Die Markenstelle für Klasse 18 des Deutschen Patent- und Markenamts hat die Anmeldung mit zwei Beschlüssen, von denen einer im Erinnerungsverfahren ergangen ist, zurückgewiesen. In den Gründen hat die Markenstelle ausgeführt, dass die Markenfähigkeit nicht in Frage stehe und das Bestehen eines Freihaltungsbedürfnisses offen bleiben könne, da der angemeldeten Marke jedenfalls die erforderliche Unterscheidungskraft fehle. Um als Herkunftshinweis geeignet zu sein, müsse ein Zeichen, das aus der Form der betreffenden Ware bestehe oder eine Ware zeige, zu deren Herstellung sich die weiter beanspruchten Grundmaterialien Leder und Lederimitation eigneten, eine erkennbare Originalität aufweisen. Die angemeldete Marke weise gegenüber dem gebräuchlichen Formenschatz nur geringfügige und nicht hinreichend originelle Abweichungen auf. Die hiergegen gerichtete Erinnerung der Anmelderin ist durch Beschluss der Markenstelle für Klasse 18 vom 3. April 2001 zurückgewiesen worden. Bei Damenhandtaschen, bei denen es eine unübersehbare Gestaltungsvielfalt gebe, sei es üblich, durch Etiketten und Einprägungen auf die betriebliche Herkunft hinzuweisen, weshalb der Verkehr nicht daran gewöhnt sei, allein in der Form der Ware einen Hinweis auf die betriebliche Herkunft der Waren zu sehen. Er kenne und erwarte aus modischen Gründen unterschiedliche Gestaltungen, damit sein jeweiliges Bedürfnis nach Mode befriedigt werden könne und sehe in ihnen regelmäßig lediglich ein modisches Design der Ware und keinen betrieblichen Herkunftshinweis. Die Designelemente der angemeldeten Marke seien auch bei Handtaschen anderer Hersteller zu finden. Dass in Zivilurteilen die Eignung der betreffenden Tasche, als Herkunftshinweis zu dienen, zuerkannt worden sei, sei bei der Beurteilung der Eintragbarkeit unerheblich, da es dort auf die betriebliche Eigenart der Waren angekommen sei, was nach teilweise anderen Kriterien zu beurteilen sei als die Frage der markenrechtlichen Unterscheidungskraft. Die BGH-Entscheidung "Likörflasche" sei für den vorliegenden Fall nicht einschlägig, da kein Behältnis für die Waren, sondern diese Ware selbst angemeldet sei. Bei den Waren "Leder und Lederimitationen" sehe der Verkehr in dem Zeichen lediglich ein Demonstrationsobjekt für deren Bestimmung und Eignung.
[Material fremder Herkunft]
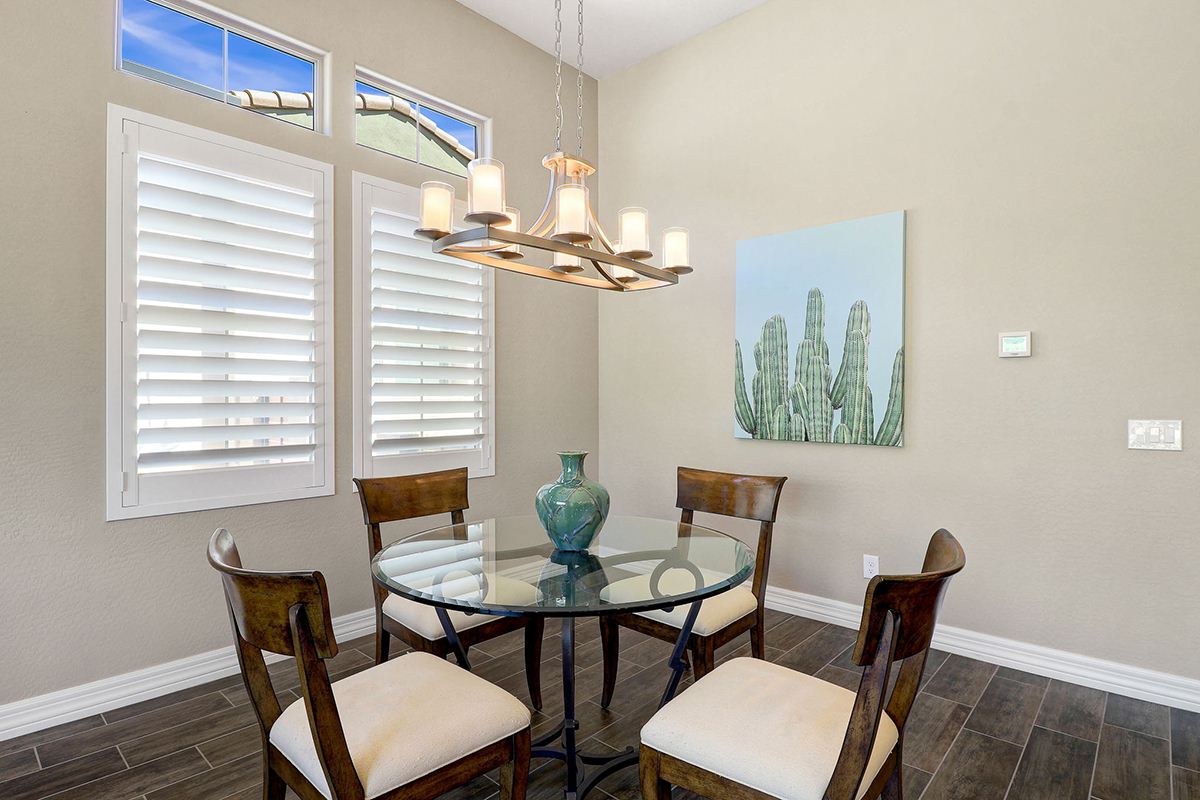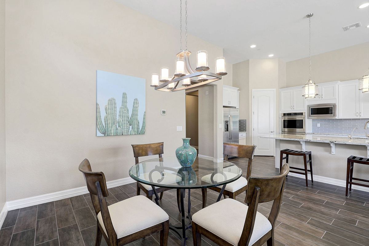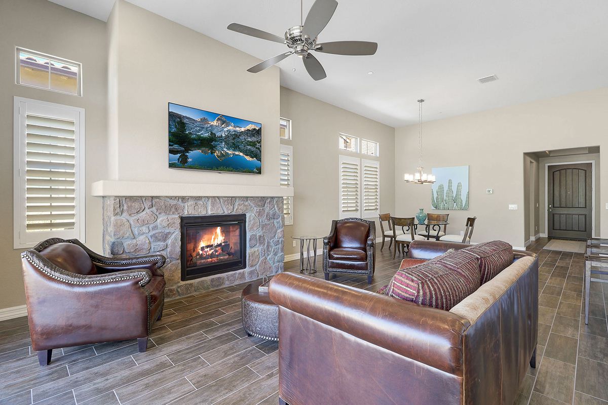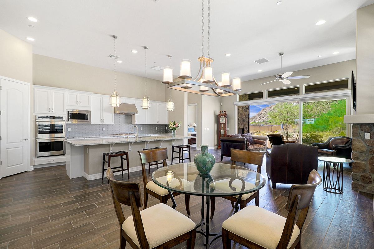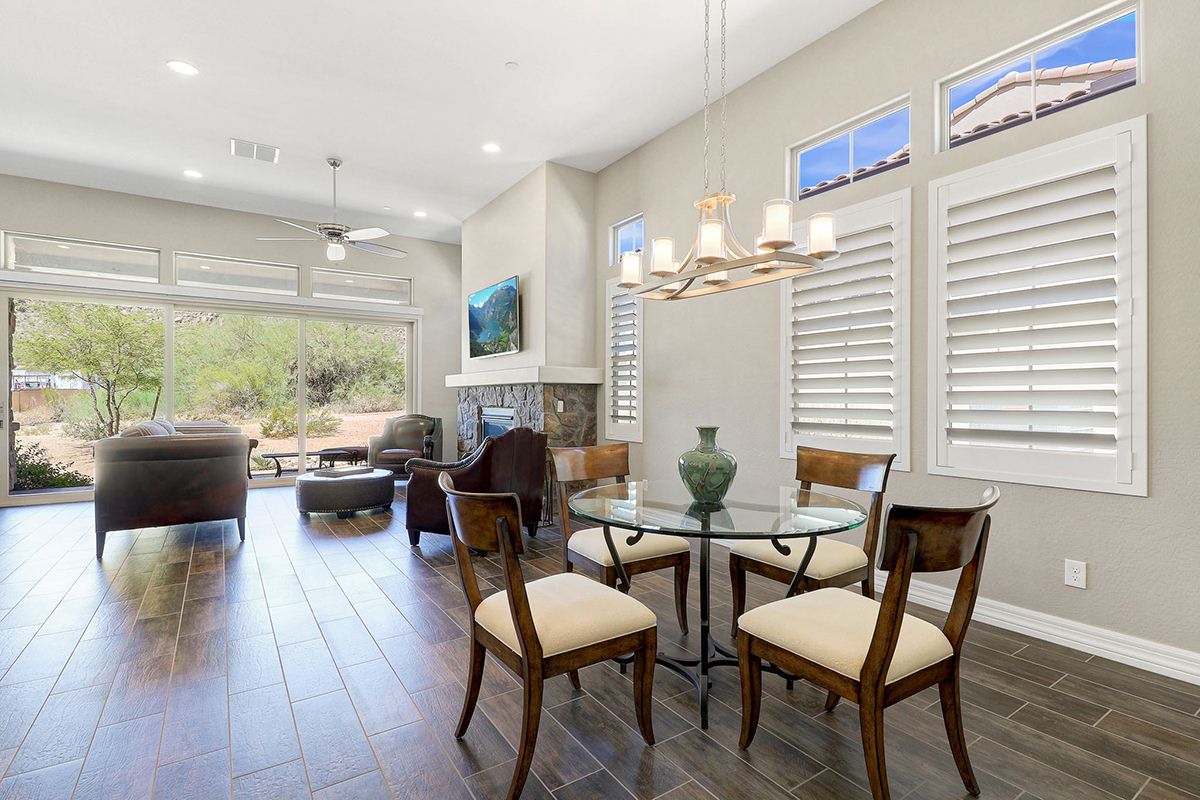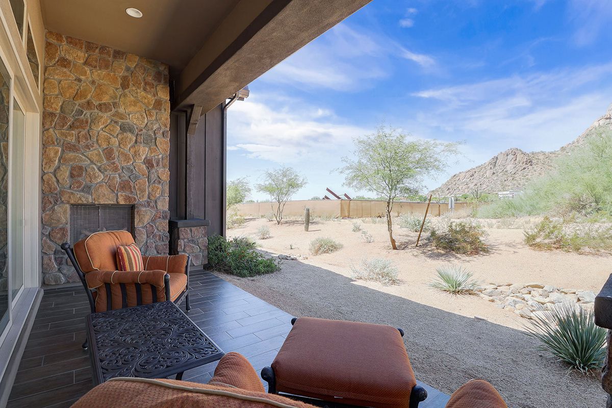The single-level great room floor plan inspires tranquility with the on-trend neutral color palette and stone fire place. The three panel sliding door brings the outdoors in as it overlooks the charming patio with a cozy fireplace and direct views of Pinnacle Peak. Kitchen amenities include a large center island with countertop seating, under cabinet wine fridge, walk-in pantry, granite counters, glass tile backsplash, stainless steel appliance package, and pendant accent lighting.

Eine Verkehrsdurchsetzung sei von der Anmelderin nicht konkret geltend macht, entsprechende Belege seien nicht eingereicht worden.

In ihrer gegen die Zurückweisung gerichteten Beschwerde trägt die Anmelderin vor, die angemeldete Marke sei als dreidimensionale Marke markenfähig. Zwar hätten die Merkmale der Form auch eine "technische" Funktion im weitesten Sinn. Sie seien aber aus gestalterischen Gründen gewählt worden und nicht, um diese Funktionen zu erfüllen. Auch ansonsten bestünden keine Eintragungshindernisse. Insbesondere besitze die Marke Unterscheidungskraft, sie erschöpfe sich nicht in der Beschreibung der Waren. Dies gelte nicht nur für die beanspruchten Handtaschen, sondern erst Recht für die übrigen Waren. Die Form der dargestellten Tasche sei sogar - obwohl dies nach höchstrichterlicher Rechtsprechung nicht gefordert werden dürfe - originell, was der Vergleich mit den üblichen Formen von Damenhandtaschen zeige. Sie weiche von der produkt- oder verkaufstechnisch oder ästhetisch bedingten oder von der allgemein verwendeten, typischen Produktform deutlich ab, falle aus dem verkehrsüblichen Rahmen und erschöpfe sich nicht in bestimmten gebräuchlichen oder nahe liegenden Gestaltungsmerkmalen. Die Elemente des KELLY-Designs Taschengürtel und Verschlusspartie kehrten bei einer Vielzahl von HERMES-Produkten wieder und verstärken damit nicht nur den Grad der Bekanntheit dieser Formmerkmale, sondern auch die auf die Anmelderin bezugnehmende, herkunftshinweisende Wirkung. Der Anmeldung stehe kein Freihaltebedürfnis entgegen. Kein Wettbewerber der Anmelderin sei darauf angewiesen, die Gestaltungselemente, die die erforderliche Unterscheidungskraft bewirkten, selbst für seine Produkte einzusetzen.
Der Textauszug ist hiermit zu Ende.